> Problem statement
Transcribe exactly the lines from the one containing "Hinter der Gänskopfhütte, im" through the end of the data, both included. Leave out pictures.

[Data records]

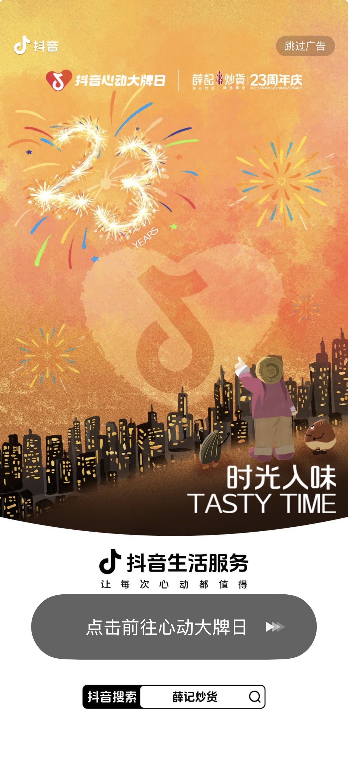 正是这份对初心的坚守,与「抖音心动大牌日」追求品质生活、打造优质消费体验的理念不谋而合。在品牌步入第23个年头的关键节点,双方携手,以“时光入味 · 薛记炒货23周年庆”为主题,于12月12日—12月25日,策划了这场既是销售冲刺、更是品牌升华的年度盛宴。通过「抖音心动大牌日」这个拥有巨大声量和丰富内容形态的舞台,不仅让利回馈千万家,更要将品牌二十三年如一日对产品、对顾客的“入味”之心,娓娓道来。
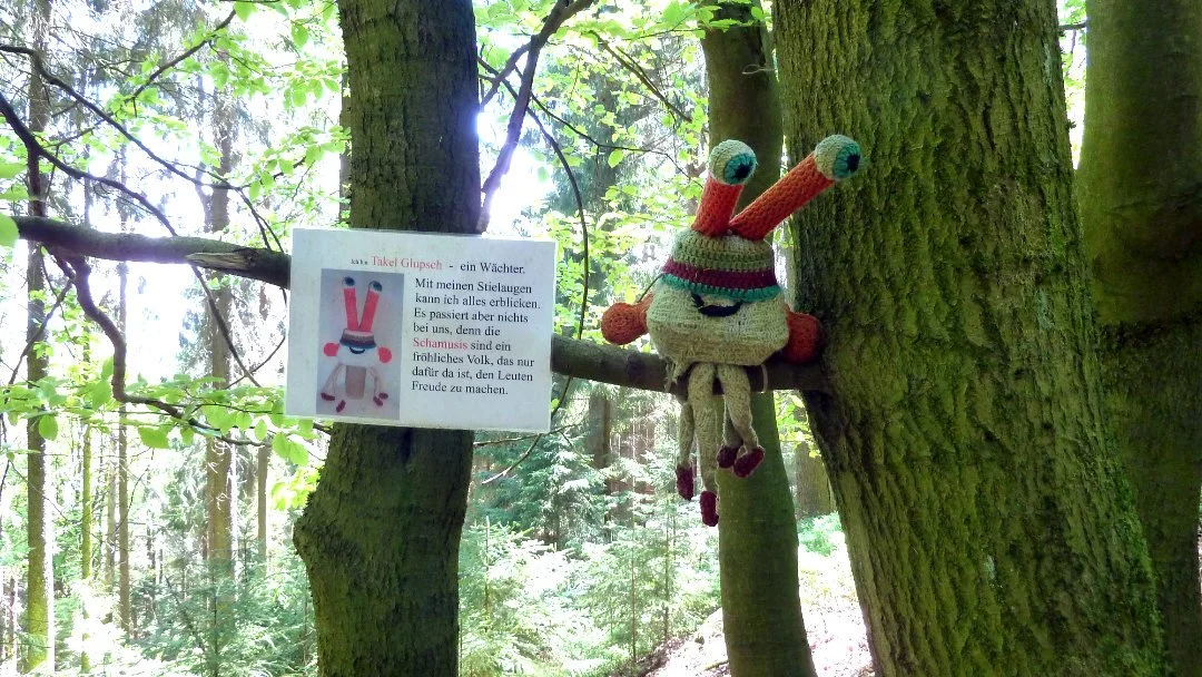Hinter der Gänskopfhütte, im Hochwald oberhalb des Hahnenbachs wohnen die Schamusis, die man allerdings normalerweise nicht zu Gesicht bekommt. Unübersehbar sitzen aber alle paar Meter gehäkelte Wichtel in den Ästen der Bäume. Sie heißen Glupsch, Mulle Kullerauge, Würmchen oder Dickie Monster und beschützen ihre Freunde, die Schamusis (14). Der Schamusiweg ist ein riesen Spaß vor allem für Familien mit Kindern. Deshalb sollte man diesen Pfad nicht zu Zeiten befahren, wenn viele Wanderer unterwegs sind, sondern bei Betrieb das erste Stück durch den Wald lieber schieben.
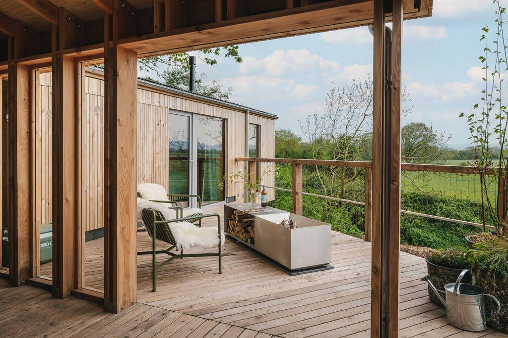 A secret spiral staircase leads to a mezzanine with a bath positioned under the eaves, set up perfectly for watching the sunset over the Malvern Hills. Outside on the deck, the private hot tub has uninterrupted views of the rolling Cotswolds beyond. It’s impossible not to slow down here and fall into the rhythm of the countryside. You’re on the edge of the lovely village of Little Comberton with a network of footpaths, a 17-mile cycle route and country pubs close by.
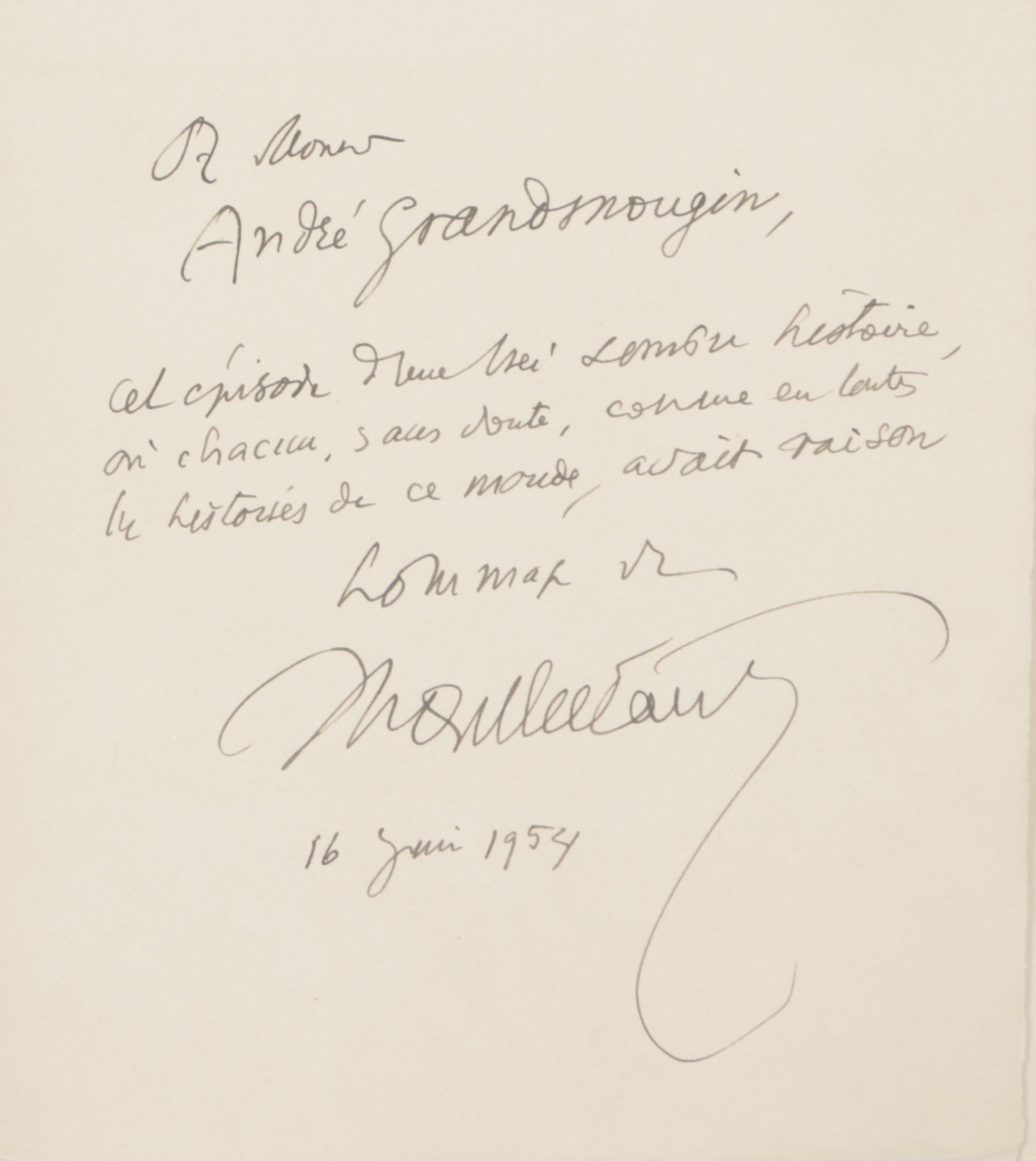 Dedication on recto of the front endpaper: „A Monsieur André Grandmougin, Cet épisode d'une très sombre histoire, où chacun, sans doute, comme en toutes les histoires de ce monde, avait raison. Hommage de Montherlant. 16 juin 1954.”
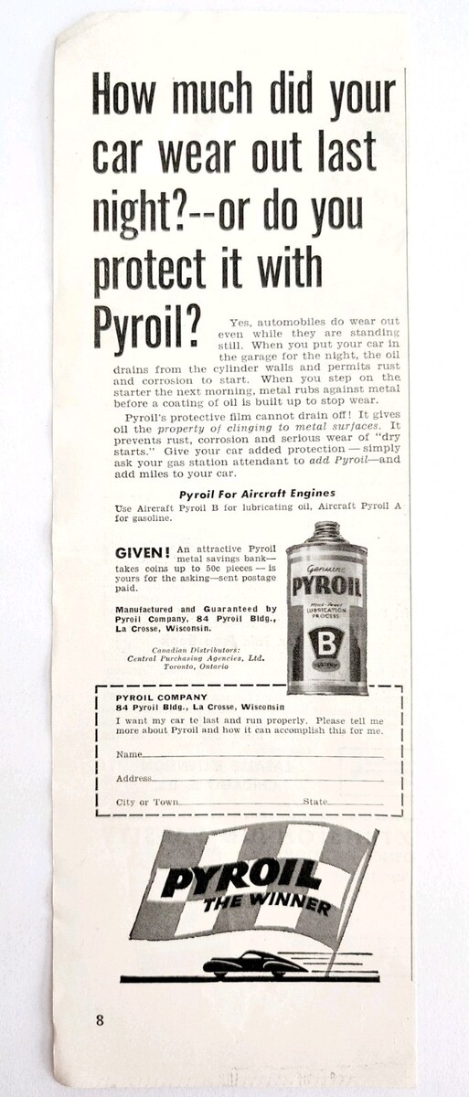 1948 Pyroil Company Motor Oil Advertisement and 47 similar items
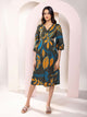 This vibrant printed strappy dress features vertical smocking at the front and back, making it super comfortable and wearable for long hours.

> Finished task
Hinter der Gänskopfhütte, im Hochwald oberhalb des Hahnenbachs wohnen die Schamusis, die man allerdings normalerweise nicht zu Gesicht bekommt. Unübersehbar sitzen aber alle paar Meter gehäkelte Wichtel in den Ästen der Bäume. Sie heißen Glupsch, Mulle Kullerauge, Würmchen oder Dickie Monster und beschützen ihre Freunde, die Schamusis (14). Der Schamusiweg ist ein riesen Spaß vor allem für Familien mit Kindern. Deshalb sollte man diesen Pfad nicht zu Zeiten befahren, wenn viele Wanderer unterwegs sind, sondern bei Betrieb das erste Stück durch den Wald lieber schieben.
 A secret spiral staircase leads to a mezzanine with a bath positioned under the eaves, set up perfectly for watching the sunset over the Malvern Hills. Outside on the deck, the private hot tub has uninterrupted views of the rolling Cotswolds beyond. It’s impossible not to slow down here and fall into the rhythm of the countryside. You’re on the edge of the lovely village of Little Comberton with a network of footpaths, a 17-mile cycle route and country pubs close by.
 Dedication on recto of the front endpaper: „A Monsieur André Grandmougin, Cet épisode d'une très sombre histoire, où chacun, sans doute, comme en toutes les histoires de ce monde, avait raison. Hommage de Montherlant. 16 juin 1954.”
 1948 Pyroil Company Motor Oil Advertisement and 47 similar items
 This vibrant printed strappy dress features vertical smocking at the front and back, making it super comfortable and wearable for long hours.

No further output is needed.